Slovenia: quick update – fronts are open

So, Slovenia has been rushing towards the electoral season, almost no presence of the EU Presidency in the press. In fact, this surprises me a lot, the government in my opinion has not managed to make a positive story out of the Presidency – something that it could have easily done, judging by the uncritical attitude of most of the Slovenians to the EU…

However, there were other issues in the press recently.

First, former long-serving Prime Minister and then President Janez Drnovšek died. A lot has been written about his life and his work, so I will not try to add my lines to it. Shortly, he was the right person in the right place at the right time for Slovenia. He managed to bring Slovenia through very turbulent times of transition, while maintaining a sounds political balance. He hasn’t been really right or left, he was a pragmatic politician/technocrat closer to liberal values than anything else. His death united Slovenians in mourning as has perhaps never happened in the past. Few days, and the unity will be over.

Second, and this is relatively old…The Foreign Minister Rupel has performed at his best over a number of cases. As noted by the Financial Times, he has been a bit to pushy over the Croatian Ecologic and Fisheries Zone recently, while chairing the EU Council of Ministers. For a diplomat, I would myself expect a bit more reservation over an issue that is at least seen as mostly bilateral. True, he has managed to bring Italy and the European Commission on board, but the sea border dispute with Croatia is a long-present element of the Slovenian foreign policy. And now it has been pushed on the EU table. The very same minister has also witnessed a leaking Ministry as I noted before. Notes from a meeting with a senior official from the US have have not revealed that Slovenia would be following a blind pro-US policy over Kosovo while chairing the EU, but rather that the Ministry of Mr Rupel is full of dissatisfied diplomats that are ready to break codes of conduct to damage the Minister. Not a very positive sight. In addition, the internal inquiry that aimed at finding out the source of the leaked document, has been declared illegal (the Ministry reviewed some 110.000 calls of its employees). Time for Mr Rupel to go.

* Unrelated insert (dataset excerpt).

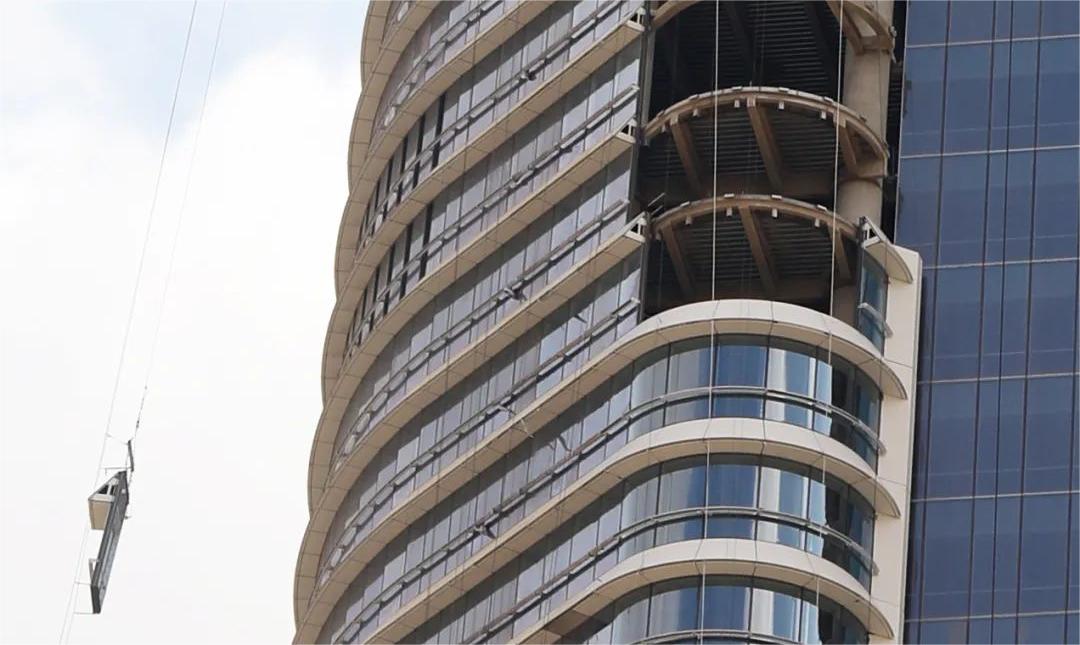 當(dāng)?shù)貧夂蜓谉岣稍铮罡邭鉁乜蛇_(dá)50攝氏度,大樓幕墻需具備很強(qiáng)的防曬作用和耐高溫性能。塔樓呈雙半圓筒狀體外觀構(gòu)造,配以橫向遮陽(yáng)和雙曲拉鏈梁的裝飾鋁單板,猶如古埃及女神瓦吉特的外衣。這些設(shè)計(jì)元素不僅增強(qiáng)實(shí)用功能,如減少直射日光和控制室內(nèi)溫度,且增加了建筑的視覺吸引力,使其成為一座現(xiàn)代與傳統(tǒng)相結(jié)合的建筑。

Third, the country has entered e hysteric state of “anti-tycoonism”. The CEO/owners of the three largest (SCT, Vegrad, Primorje) construction companies in Slovenia have been arrested in what has been mostly judged as a Scorsese-style police action. They have been accused of bribing a state official (who has also been arrested) and probably more will come out in the future investigations. The so-called “construction lobby” has been widely perceived as a gang on its own, running the show according to its own laws. And although the accused will defend themselves from liberty, the legal action has earned Janša some political points. What should have been an impartial investigation of the police, is now perceived as a political action. Good for Janša, bad for the rule of law. His party is now even with Pahor’s Social Democrats. And this means the story is far from over (Pengovsky has a nice overview here).

Apart from this, Slovenia has witnessed a period of nice sunny weather. I’ve done some decent mountain biking in shorts myself.